Except . . . ? If a girl was on her way to join the Vestal house, why would she take with her all the clothes that she possessed? She was never going to wear them any more. Even the youngest novices at the shrine are given special robes as soon as they arrive – just as a boy puts off his toga praetexta when he becomes a man, or a bride abandons her childish garments when she weds. Besides, not all of these garments were Lavinia’s, when I looked more closely at the pile.

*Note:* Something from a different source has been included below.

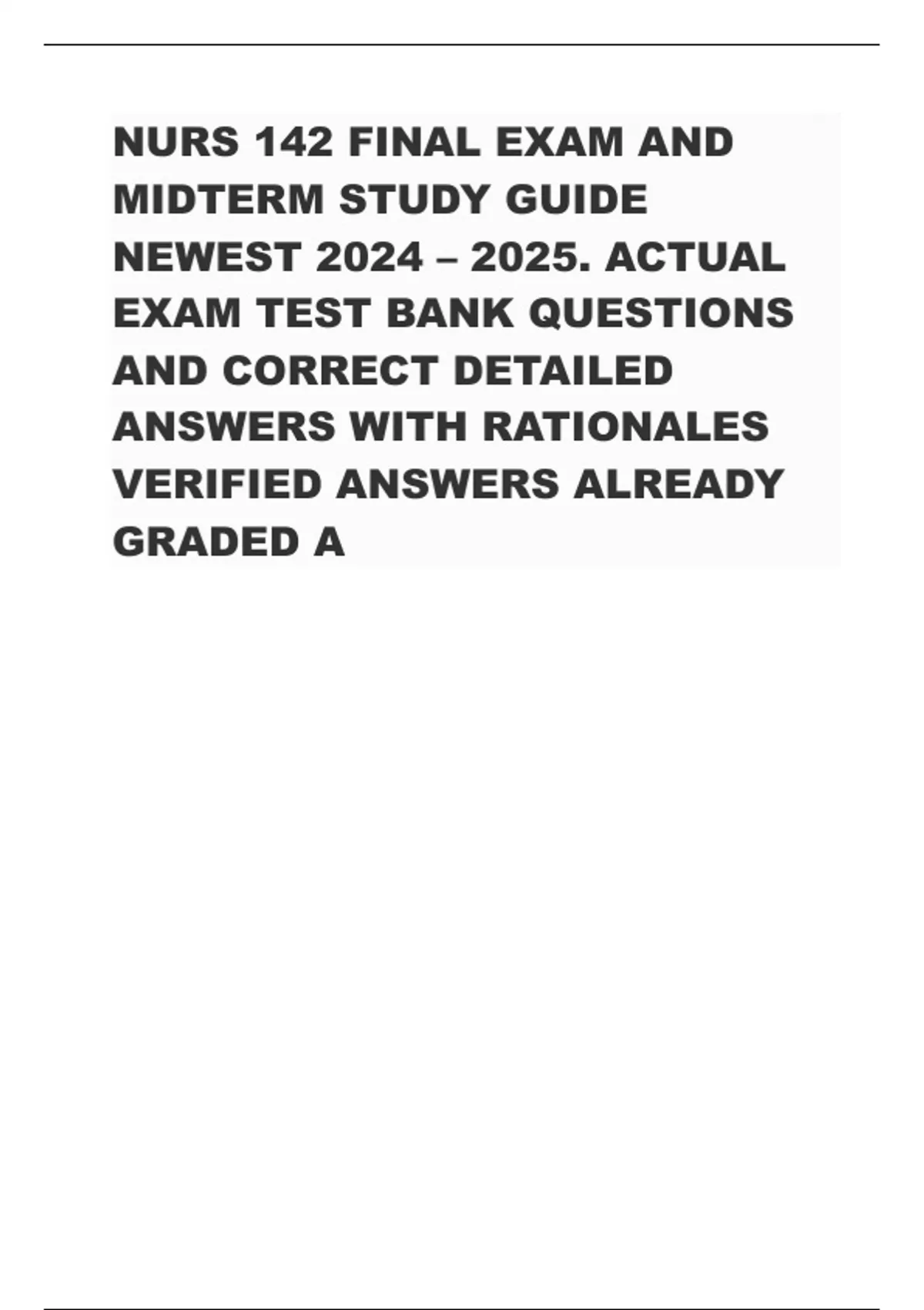 NURS 142 FINAL EXAM AND MIDTERM STUDY GUIDE NEWEST 2024 – 2025. ACTUAL EXAM TEST BANK QUESTIONS AND CORRECT DETAILED ANSWERS WITH RATIONALES VERIFIED ANSWERS ALREADY GRADED A

There was an adult’s cloak, for instance, made of woven plaid: and when I rummaged further, I found a woman’s pale-brown tunic which had been much repaired and a well-worn drawstring purse of the same coarse material. Who did these belong to? Not the nursemaid, most assuredly – one glance at the body was enough to te
ll you that. These peasant clothes were much too big for her, and clearly far too large to fit a six-year-old. Besides, they were of inferior quality, thick cloth and roughly sewn – not the sort of thing Lavinius would have permitted in his house. So where had they come from? Was this somehow the sign the nursemaid had been looking for?
I picked up the empty purse. It was a useless thing (only the poorest do not have a leather money-pouch) and this one was stained yellowish and had a hole in it, so that any small coin would have instantly gone through. It smelt of carrots, too. I put it down again. Who would want to hoard a purse like that, which was no use at all except to hold a . . .
‘Wait just a heartbeat!’ I exclaimed aloud. Yellowish stains and carrots? I knelt down and began to scrabble on the floor beneath the bed, but there was nothing there except dust and a few cobwebs where the broom-bunch had not reached.
Trullius came over and stood staring down at me. ‘Shouldn’t we go down now and question the slave-boy, citizen? What are you searching for?’
‘Something that isn’t here!’ I looked up to answer and saw him silhouetted against the open window-space. I clambered to my feet. ‘The window-space, of course! Let me get my shoes on and I’ll come downstairs with you. We’ll decide what to do with this body afterwards.’
He looked completely mystified as I rushed into my own room and pulled my sandals on, but he didn’t question me and when I clattered down the dimly lit staircase he followed close behind. His wife was waiting at the bottom of the stairs, still dressed in an under-tunic as though she’d just got out of bed – with her legs exposed and only a cloak around her top for dignity.